If you were looking to celebrate the birthday of that silent classic, which still casts a long and ominous shadow over all vampire films that have followed, you could do it with what's perhaps its exact opposite: the new Netflix action-comedy "Day Shift," with Jamie Foxx as a San Fernando Valley vampire hunter.

"Day Shift," which begins streaming Friday, has aims much closer to something like "Zombieland" than Murnau. Foxx plays Bud Jablonski, a working-class Los Angeles man and divorced father who cleans pools as a cover for his real job of hunting vampires. They seem to be especially populous in the San Fernando Valley, which may not be surprising to Californians but is about as far a departure you can get from the aristocratic, European origins of the genre. Plus, "What We Do in the Shadows" already has Staten Island covered.

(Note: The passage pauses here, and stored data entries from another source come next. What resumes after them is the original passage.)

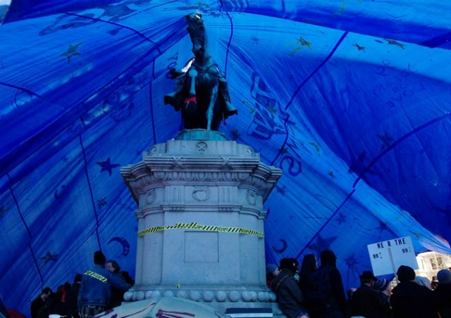 Members of Occupy D.C. woke up yesterday ready for a showdown at noon, which is when the Park Police said they would start issuing citations, making arrests and confiscating tents of those those deemed to be “camping”—defined as either sleeping or having bedding materials—instead of maintaining a round-the-clock vigil. No arrests have been made at either McPherson Square or the other Occupy settlement at Freedom Plaza. At McPherson Square yesterday, protesters draped a large blue tarp over the statue of Gen. James B. McPherson, the Civil War commander for whom the park is named. (Park Police have asked that the tarp, nicknamed the “Tent of Dreams” for its celestial decorations of stars and unicorns, be removed.)
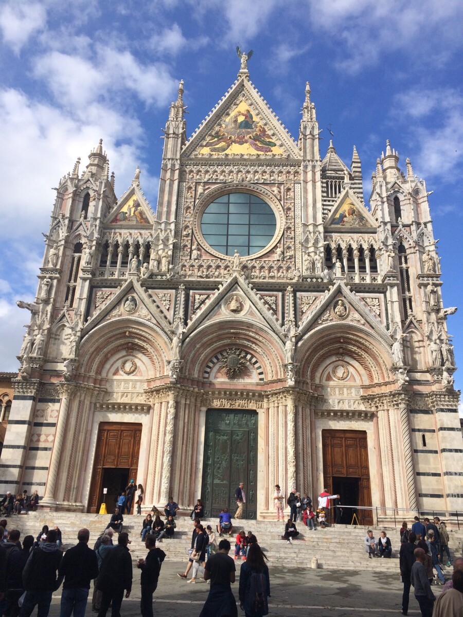 Il 2 giugno partiamo alle 6.30 da Seriate (Bergamo) e dopo aver fatto anche un’oretta di coda sull’autostrada, per le 12.30 siamo a Siena. Parcheggiamo fuori dalla fortezza medicea che nei festivi è gratis. Quindi ci dirigiamo verso il centro e incontriamo la Basilica Cateriniana San Domenico, che tra le altre meraviglie contiene la testa-reliquia di santa Caterina da Siena, entro una splendida cappella rinascimentale costruita per l’occasione. Visto l’orario ci catapultiamo nel centro di Siena per mangiare e ci capitiamo quasi per sbaglio in un ristorantino gourmet “Morbidi”, molto chic che fa il pranzo a buffet, molto particolare e consigliato per chi vuole mangiare bene e a buon prezzo (visto che i 12 euro per il menù fisso).
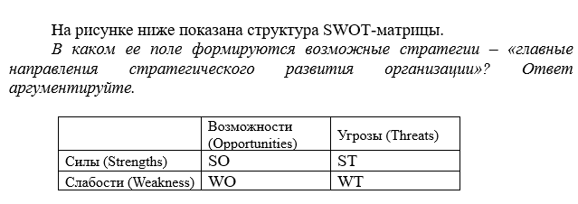 Состояние внутренней среды организации исследуется в нескольких сегментах SWOT-матрицы: …
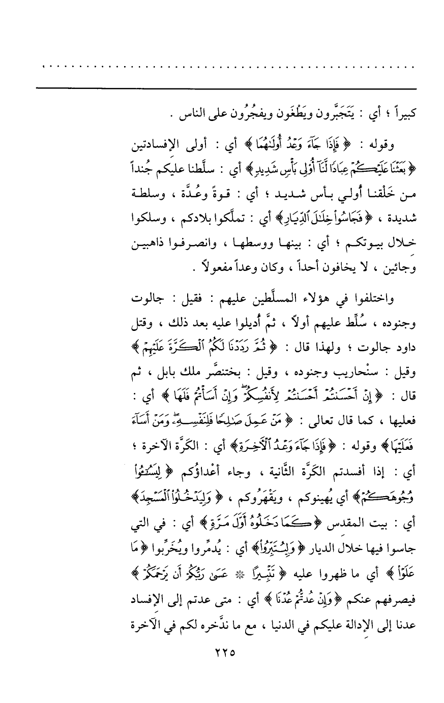 واختلفوا في هؤلاء المسلّطين عليهم: فقيل: جالوت وجنوده، سلّط عليهم أولا، ثمّ اديلوا عليه بعد ذلك، وقتل داود جالوت؛ ولهذا قال: ثُمَّ رَدَدْنا لَكُمُ الْكَرَّةَ عَلَيْهِمْ وقيل: سنحاريب وجنوده، وقيل: بختنصّر ملك بابل، ثم قال: إِنْ أَحْسَنْتُمْ أَحْسَنْتُمْ لِأَنْفُسِكُمْ وَإِنْ أَسَأْتُمْ فَلَها أي:

"Day Shift" isn't much interested in vampires, anyway. They're mostly videogame-like cannon fodder for Bud, a veteran hunter who's quite good at killing them but significantly worse at hiding his real occupation. He's living on his own after his wife (Meagan Good), suspicious of his excuses, kicked him out. Now, she's ready to move, with their 10-year-old daughter (Zion Broadnax), far away from Los Angeles unless Bud can come up with $10,000 in a week for school tuition and braces.

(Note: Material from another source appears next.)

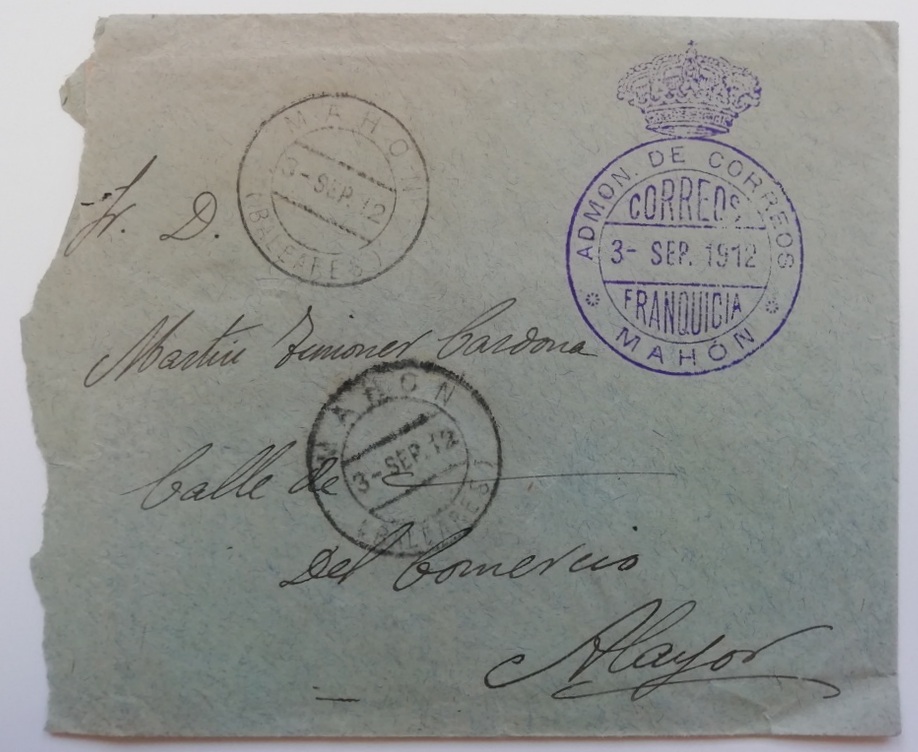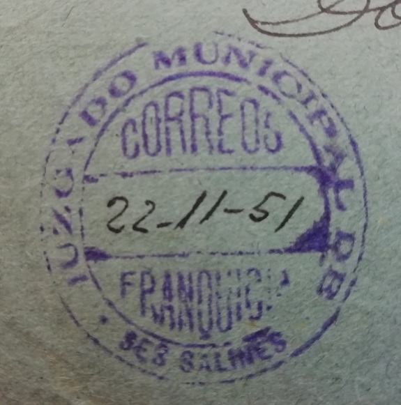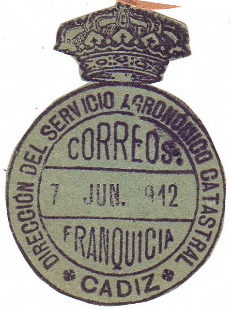 Querido Amigo "Lego" de "San Filatelio", aquí traigo una Franquicia, que aunque está catalogada creo?, en las del Gobierno, pero creo que adelanta la fecha a la catalogada:

But Bud is living fang to fang. He gets his money selling vampire teeth to what's effectively a pawn shop. He drives a turquoise pick-up and lives, with locks up and down the door, in a seedy apartment complex that appalls his ex. She hears a porn star has just moved in. "They live amongst us," Bud explains.

"Day Shift," the directorial debut of former stuntman J.J. Perry and written by Tyler Tice and "Army of the Dead" scribe Shay Hatten, has placed a familiar tale — a down-and-out single father trying to prove his worth — into a vampire movie. There's also a labor commentary somewhere in here with Bud, kicked out of the vampire hunter union, trying to get back in to secure higher rates for his kills.

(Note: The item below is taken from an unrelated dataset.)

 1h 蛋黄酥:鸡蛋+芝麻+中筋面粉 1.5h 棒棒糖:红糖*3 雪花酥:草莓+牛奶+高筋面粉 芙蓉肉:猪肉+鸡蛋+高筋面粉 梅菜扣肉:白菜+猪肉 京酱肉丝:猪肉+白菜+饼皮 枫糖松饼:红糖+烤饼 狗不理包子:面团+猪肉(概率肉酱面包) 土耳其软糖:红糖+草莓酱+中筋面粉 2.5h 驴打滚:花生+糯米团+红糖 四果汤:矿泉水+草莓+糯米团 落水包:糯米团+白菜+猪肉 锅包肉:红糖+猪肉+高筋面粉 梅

But the union subplot is less to drive home a free-market point than to supply Bud a buddy-comedy partner. After another hunter, Big John (Snoop Dogg), helps Bud get back into the union, a union rep (Dave Franco) is assigned to monitor and ride along with Bud. As a suit-wearing, regulations sidekick terrified of vampires but thoroughly knowledgeable about them, Franco is a fine foil to Foxx.

There's a this-is-barely-a-story feel to "Day Shift," but not always unpleasantly so. The family plotline is as basic as it gets. The buddy comedy set-up — complete with banter about the "Twilight" saga — is likewise standard boilerplate. "Day Shift" might slot in somewhere around an OK "Buffy the Vampire Slayer" episode.

Yet the slapdash vibe of "Day Shift" has its charms. It's built almost perfectly to be the kind of thing you might, after some scrolling, absentmindedly click to watch on Netflix and end of watching for its sheer watchability. That's due largely to Foxx, whose comic timing remains sharp, and supporting players like Snoop and Peter Stormare who breeze in, as if purely for fun. Thinly sketched as it is, "Day Shift" has a retro vibe. Not, like, "Nosferatu"-retro, but more 1980s. Want to see Jamie Foxx shoot some vampires? Well, you're in luck.

"Day Shift" a Focus Features release, is rated R by the Motion Picture Association of America for strong violence and gore, and language. Running time: 114 minutes. Two and half stars out of four.